Data for this exercise |
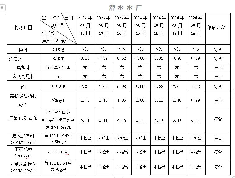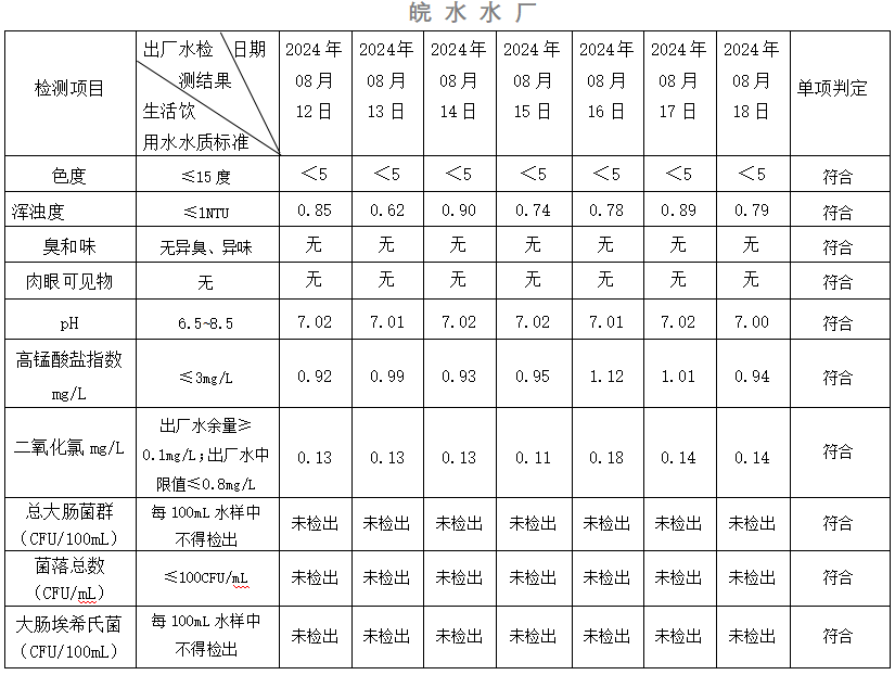 2024年08月12日-08月18日出廠水水質(zhì)日檢指標公告
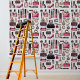 Schale und Stick Kosmetik Make-up Tapete. Ein tolles Gaumenprojekt für Mieter, Hausbesitzer und Innenarchitekten. Erstellen Sie ein personalisiertes Aussehen für Ihr Zuhause condo Apartment oder Geschäft. Die Wände sind mit Möbeln und Betttüren geschmückt. Erhältlich in texturierter und glatter Vinyl. Größe 2'x4' 2'x8' 2x10' 2'x12' und 2'x1' Uhr
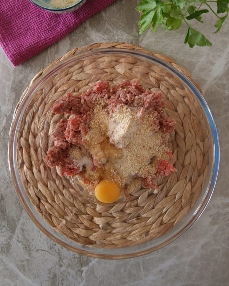 Em uma tigela, coloque a carne moída, o parmesão, o ovo, depois sal e pimenta e misture tudo bem com as mãos.
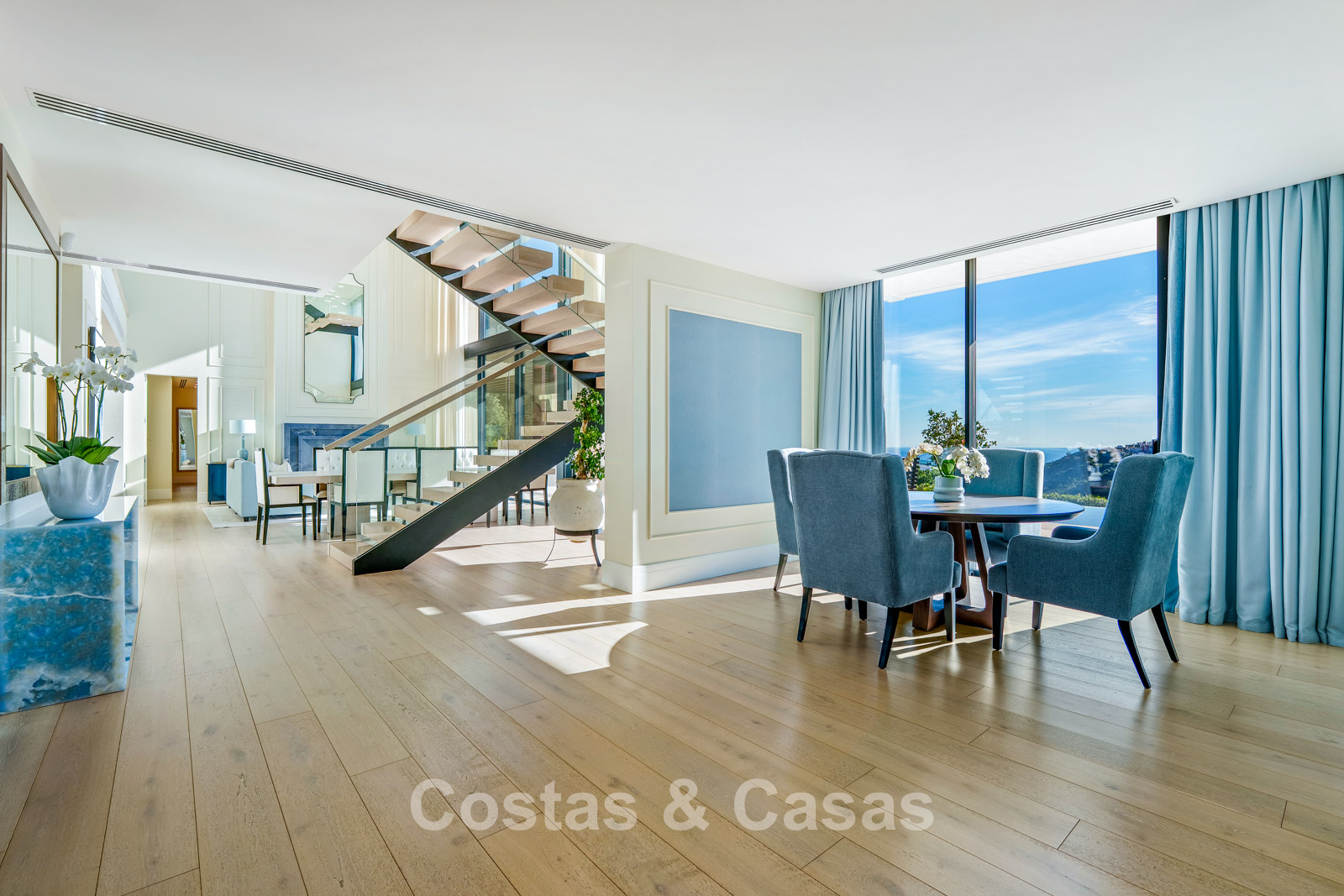 Caractéristiques supplémentaires : Ascenseur privé Climatisation réversible (chaud/froid) Chauffage au sol dans toute la maison Cheminée Placards intégrés sur mesure Parquets en bois naturel à l’intérieur Travertin antidérapant sur les terrasses Double vitrage Garde-corps en verre Système domotique avancé contrôlable via application mobile Éclairage LED intérieur et extérieur Stores et rideaux automatiques programmés selon le lever et le coucher du soleil
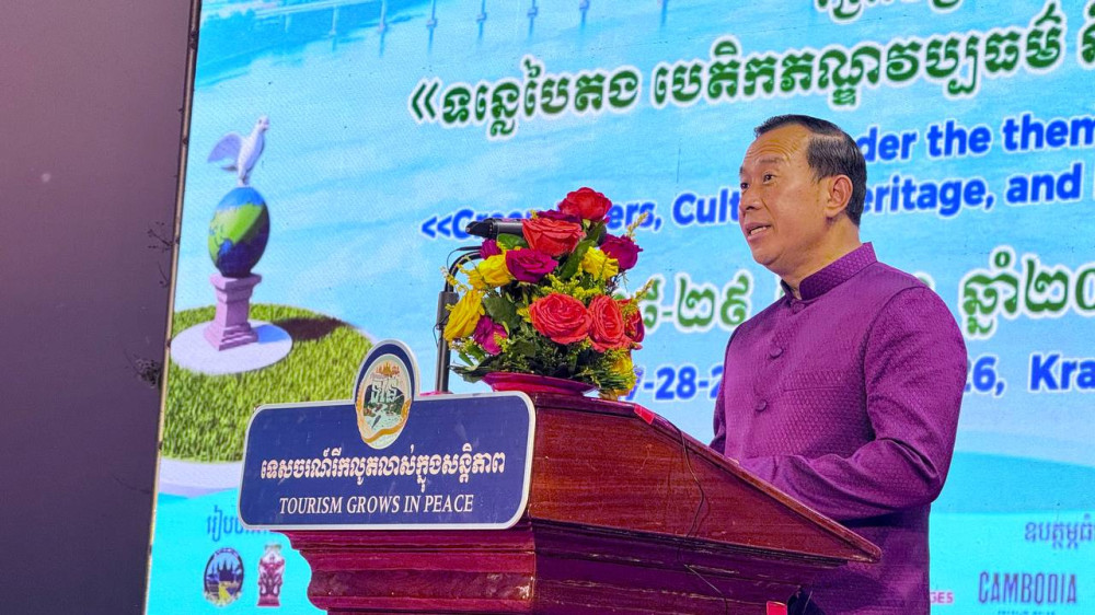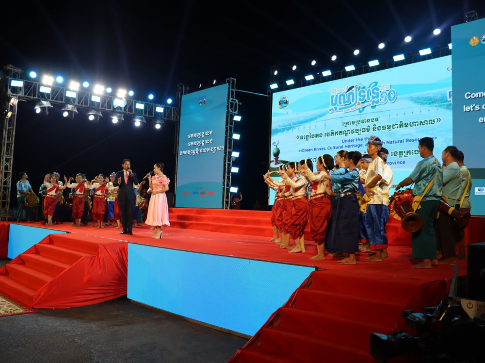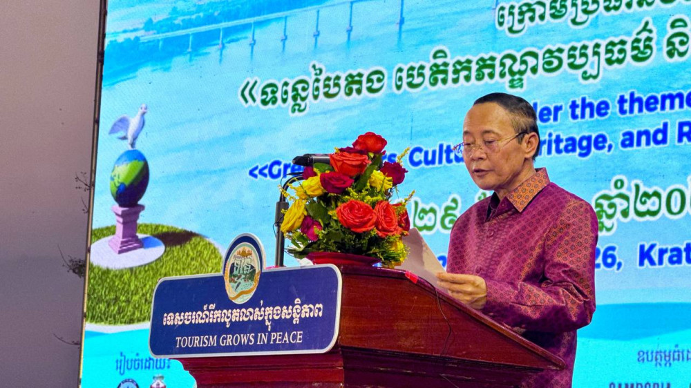 Deputy Prime Minister, H.E. Santepundit Neth Savoeun (Pic. 1), High Representative of Prime Minister Samdech Thipadei Hun Manet, delivers his remarks while he was presiding over the official opening ceremony of the 10th River Festival 2026 in Kratie province this evening.

Exercise details |
Output exactly those lines of the data above that run from the line with "Em uma tigela, coloque" up to and including the line with "Caractéristiques supplémentaires : Ascenseur". No pictures go in.

Task response |
 Em uma tigela, coloque a carne moída, o parmesão, o ovo, depois sal e pimenta e misture tudo bem com as mãos.
 Caractéristiques supplémentaires : Ascenseur privé Climatisation réversible (chaud/froid) Chauffage au sol dans toute la maison Cheminée Placards intégrés sur mesure Parquets en bois naturel à l’intérieur Travertin antidérapant sur les terrasses Double vitrage Garde-corps en verre Système domotique avancé contrôlable via application mobile Éclairage LED intérieur et extérieur Stores et rideaux automatiques programmés selon le lever et le coucher du soleil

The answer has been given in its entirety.